Carlos Alberto Montaner

Nicaragua y el factor güegüense

Los nicaragüenses votarán el 6 de noviembre. Están en juego la Presidencia, 90 escaños del congreso nacional y 20 del Parlamento Centroamericano. Según algunas encuestas, Daniel Ortega ronda el 40% de intención de votos, Fabio Gadea el 30 y Arnoldo Alemán el 10. El problema es que es muy difícil hacer encuestas en Nicaragua.

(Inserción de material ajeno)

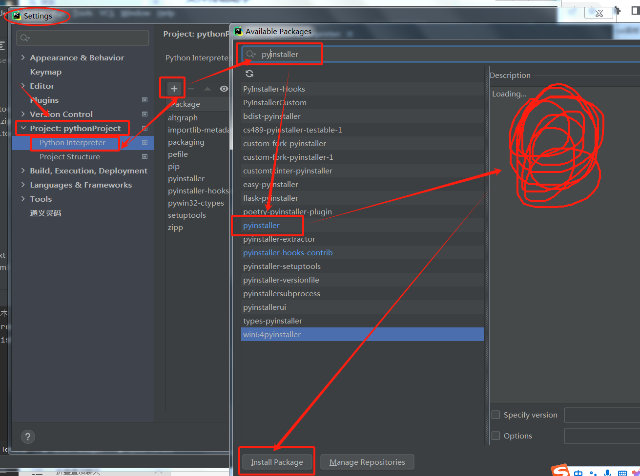 记住一点,就是点“Install Package”之前一定要等pyinstaller右侧的信息加载全,不然可能失败。

El “factor güegüense” lo impide. ¿Qué es eso? El Güegüense es un personaje del más antiguo (y elaborado) teatro colonial nicaragüense. Va enmascarado, engaña, defiende astuta y solapadamente sus intereses, oculta sus intenciones.

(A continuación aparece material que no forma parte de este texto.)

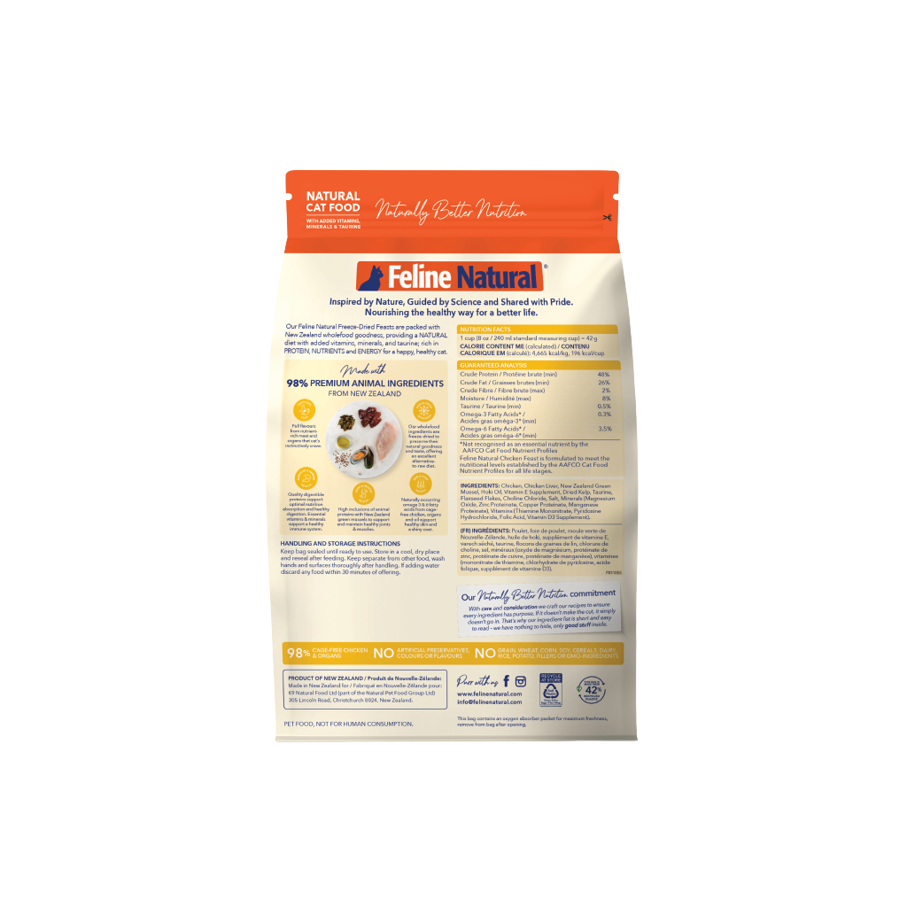 Feline Natural Freeze-Dried Chicken Feast is a single-protein, high-protein raw meal crafted from 100% New Zealand free-range chicken. Freeze-dried to preserve natural nutrients and flavour, it offers your cat a convenient, clean, and complete raw feeding experience. Serve dry or rehydrate for a moisture-rich, irresistible bowl every time.

La primera vez que escuché hablar del “factor güegüense” fue tras las elecciones de 1990. Según casi todas las encuestas, incluidas las que manejaban España y Estados Unidos, Daniel Ortega le iba a sacar casi 20 puntos a Violeta Chamorro. Pero sucedió a la inversa: Doña Violeta barrió a su oponente en las urnas. Creo que solo acertaron dos hábiles encuestadores extranjeros, Víctor Borge, de Costa Rica y Alfredo Keller, de Venezuela. Ambos introdujeron en sus indagaciones elementos que les permitían descontar mentiras y dobleces.

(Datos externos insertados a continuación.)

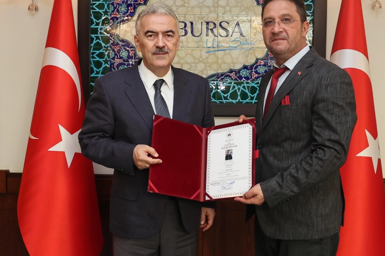 Ziyaret sırasında Vali Ayyıldız, Bursa’da görev yaptığı süre boyunca gerçekleştirdiği başarılı çalışmalar ve kuruma katkılarından dolayı Osman Başeğmez’e teşekkür ederek, kendisine başarı belgesi takdim etti.

Cuando se supieron los resultados aquello fue un terremoto político. Los encuestadores fallidos dieron una extraña explicación: habían votado cientos de miles de güegüenses. Gentes que decían una cosa y hacían la contraria. Recuerdo a un “experto” norteamericano que me dijo, decepcionado por su fracaso: “este es un pueblo de mentirosos”. Falso: es un pueblo de cautelosos, que es algo muy diferente. Los nicas aprenden muy pronto, tal vez en la infancia, que la afirmación “solo la verdad os hará libres”, atribuida a San Juan, probablemente es cierta en el lago de Tiberíades, pero en el de Nicaragua te puede llevar directamente al desastre. Por eso la gente oculta sus intenciones.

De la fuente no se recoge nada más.